Here’s what it had to say…
When spring come, snow’s melting. Wait for some time. Nightingale! Poetic AND cryptic. Nice.
Your Fortune: Pretty Good
Be modest (pretty tricky when you’re as awesome as I am) and faithful. You’d better not try to do anything with your own will (that’s OK, Erin’s in charge anyhow). An ill-minded person may cause you some troubles. Be careful of your company.
- wish: Don’t be in a hurry. Wait for a good chance.
- expected visitor: Though he will be late, he is sure to come (I think this one is about Keith)
- missing thing: It’s difficult to find (that has to be either the plane adapter for my noise-cancelling headphones or my Mac’s chamois cloth)
- travel: Be alert on thieves (seriously, Japan is, like, the least dangerous place ever)
- business: Not so good now. You’ll get little profit. (Anyone need a website?)
- study: Banish worldly thoughts from your mind. Study hard. (Great advice for a long-term traveller…)
- speculation: It’s not time to buy or sell. Take your time.

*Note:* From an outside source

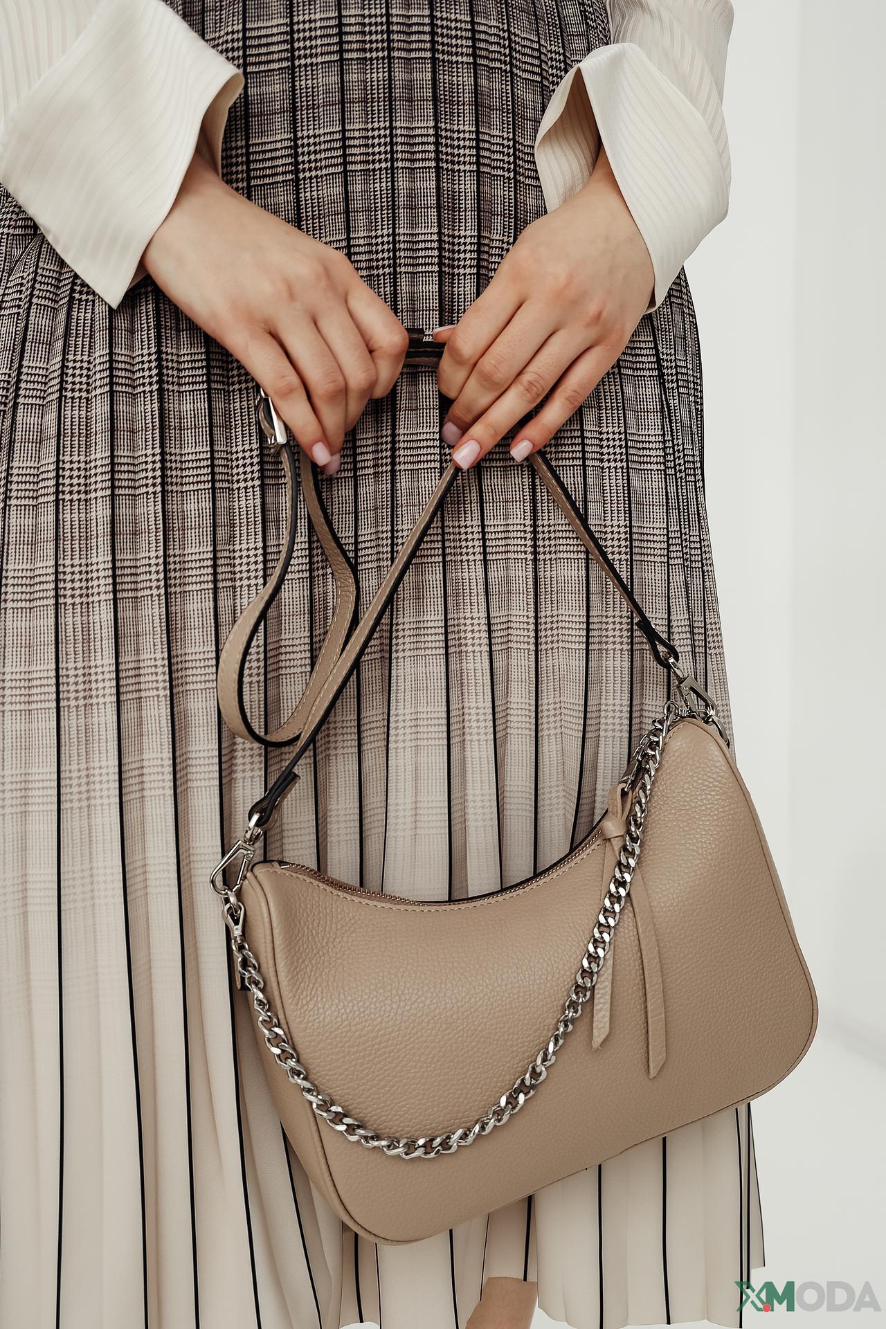 - Универсальный дизайн: Классическая форма багетной сумки, дополненная современной декоративной цепочкой серебристого цвета, позволяет легко интегрировать ее в любой стиль. Это идеальная сумка для женщин, ценящих элегантность и функциональность.
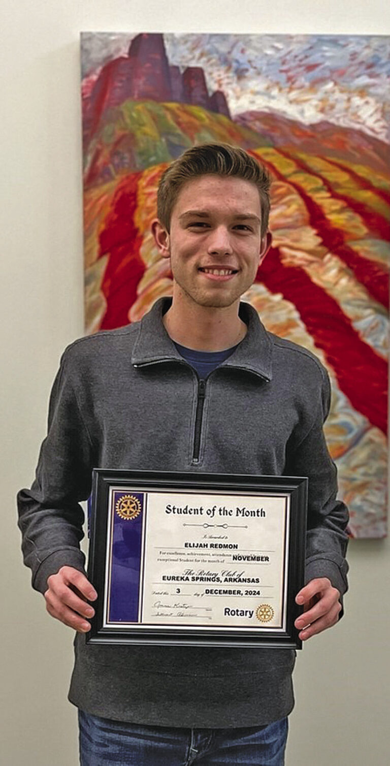 Home Features Student of the Month: Elijah Redmon Student of the Month: Elijah RedmonDecember 24, 2024Features Photo courtesy of Eureka Springs Rotary Club Elijah Redmon, a senior at Eureka Springs High School, has been named the Eureka Springs Rotary Student of the Month. Elijah is the son of… Login to continue reading Login Sign up for complimentary access Sign Up Now Close Previous Post Old felony conviction prevents Welch from taking council seat Next Post Gilmore finds right job at right place as Green Forest superintendent

- game and match: Trust your partner or team mates.
- love: Study on your lover. (Make notes on her arms? Use her as a table?)
- removal: The sooner, the better.
- childbirth: Easy to birth. (good to know, what with the whole not having a womb thing)
- illness: Change your sanatorium. (I takes my sanatoriums where I can find them)
- marriage proposal: Some gossips will cause you trouble. Be cautious.
I don’t actually think this is a Pretty Good fortune after all—seems like there’s a lot of bad news in there. Maybe I should tie it to an appropriate place anyway.